Real-World Humanoid Locomotion with Reinforcement Learning

Real-World Humanoid Robot Walking Based on Reinforcement Learning

Background Introduction

Humanoid robots have enormous potential for autonomous operation in diverse environments, not only alleviating labor shortages in factories but also assisting elderly people at home and exploring new planets. Although classical controllers show excellent effects in some scenarios, their promotion and adaptability in new environments remain a major challenge. To address this, this paper proposes a purely learning-based method for motion control of humanoid robots in real-world applications. Model Architecture

Research Motivation

Classical control methods have made significant progress in achieving stable and robust motion control, but their adaptability and generalizability are limited. Learning-based methods, which can learn from diverse simulated or real environments, have gradually gained more attention. This paper aims to use reinforcement learning to train a controller based on Transformer networks to achieve motion control of humanoid robots in complex environments.

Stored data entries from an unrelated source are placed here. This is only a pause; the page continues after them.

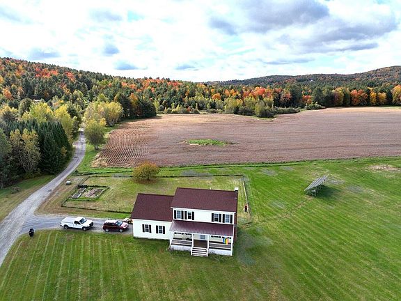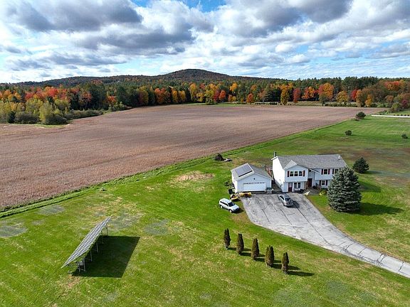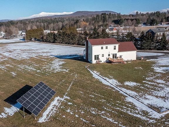 Enjoy gorgeous Green Mountain views right from your front porch in this 3-bed, 2.5-bath classic colonial home! Set on 3 acres of lush pastureland, this home offers a restful quiet setting overlooking a 40-acre organic farm. This spacious home features a large eat-in kitchen with sliding patio doors leading out to a large back deck with beautiful pastoral views. A separate dining room and sunny living room feature hardwood floors and lots of windows plus a separate office space and a second set of sliding doors to the backyard. At the center of the living room is a brick fireplace with a brand new wood pellet stove insert that heats the entire house. Upstairs is a primary suite plus 2 additional bedrooms, all with hardwood floors, and a full bath. A large 2-car garage offers plenty of storage with unfinished space above, ready for your finishing touches (interior access from 2nd floor). Outside you'll find a partially fenced backyard and an owned ground mount solar system. While just minutes from town services and I-89, you'll enjoy a slice of country living! Skiing, biking, and hiking are just a short drive away. You don't want to miss this one!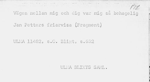 //// ... . . . :: ; .. • ... ^ Vägen mellan mig och dig var mig så behagelig //// Jan Petters friarvisa (Fragment) ULMA 11482, s.G. Blixt, s.632 //// U j—j i j i A b j-i X X lo o AI v iL • ' //// ¦ //// ¦ //// - ////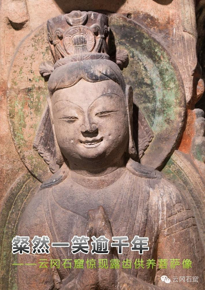 关键词:云冈石窟 一菩萨像 引关注 含笑露齿 还有一对酒窝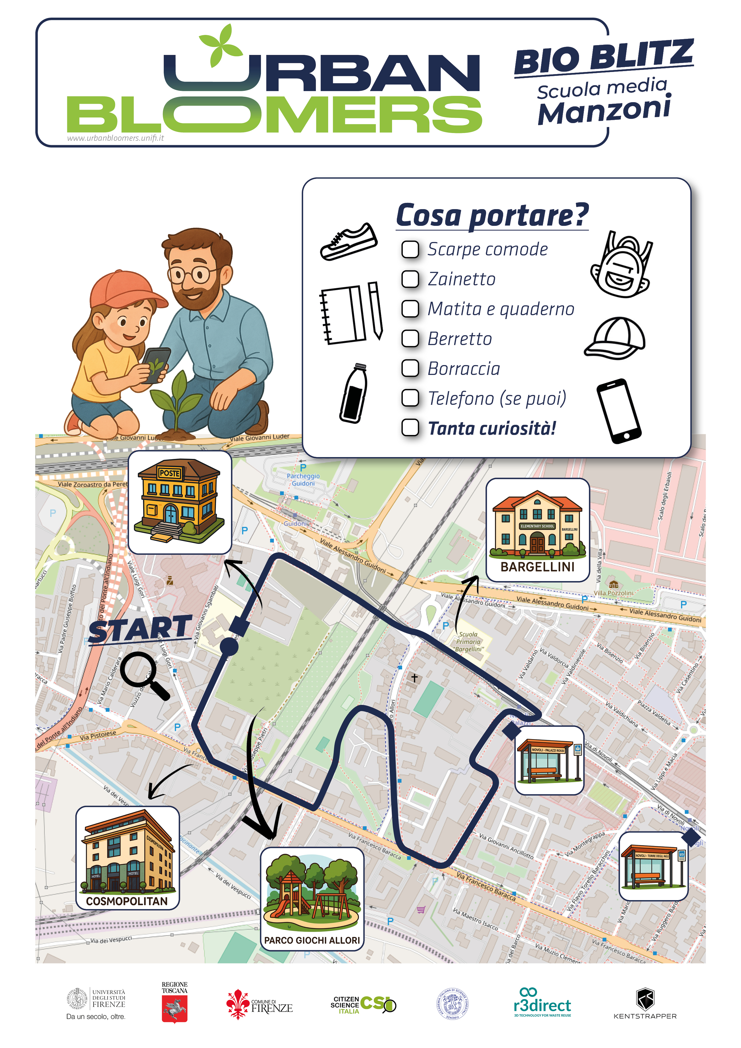 I "giovani ricercatori" delle scuole medie, insieme ai professori universitari e a Citizen Science Italia, durante le passeggiate urbane hanno contribuito a mappare la fauna (insetti, farfalle, ecc.) e la vegetazione che cresce spontaneamente all'interno delle nostre città.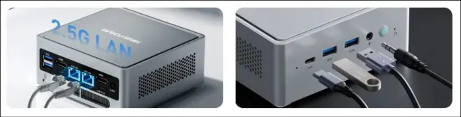 铭凡这个系列迷你主机最核心的卖点,自然就是2个RJ45网线接口(2.5Gbps)了,堪称是软路由和NAS的绝配。

Authors and Publication Information

This paper was collaboratively completed by Ilija Radosavovic, Tete Xiao, Bike Zhang, Trevor Darrell, Jitendra Malik, and Koushil Sreenath, all from the University of California, Berkeley. The study was published in Science Robotics on April 17, 2024.

Workflow

Research Process

This study includes multiple phases:

  1. Large-scale training in simulated environments:

    • Initially conducted large-scale model-free reinforcement learning in simulated environments. The training environment included a wide range of randomized conditions to ensure the model’s adaptability to external disturbances.
    • Utilized causal Transformers to extract information from motion and observation histories and predict the next action.
  2. Initial deployment in the real world:

    • Directly deployed models trained entirely in simulated environments to the real world without retuning the model parameters.
    • Deployment environments included various outdoor terrains such as sidewalks, tracks, and grass.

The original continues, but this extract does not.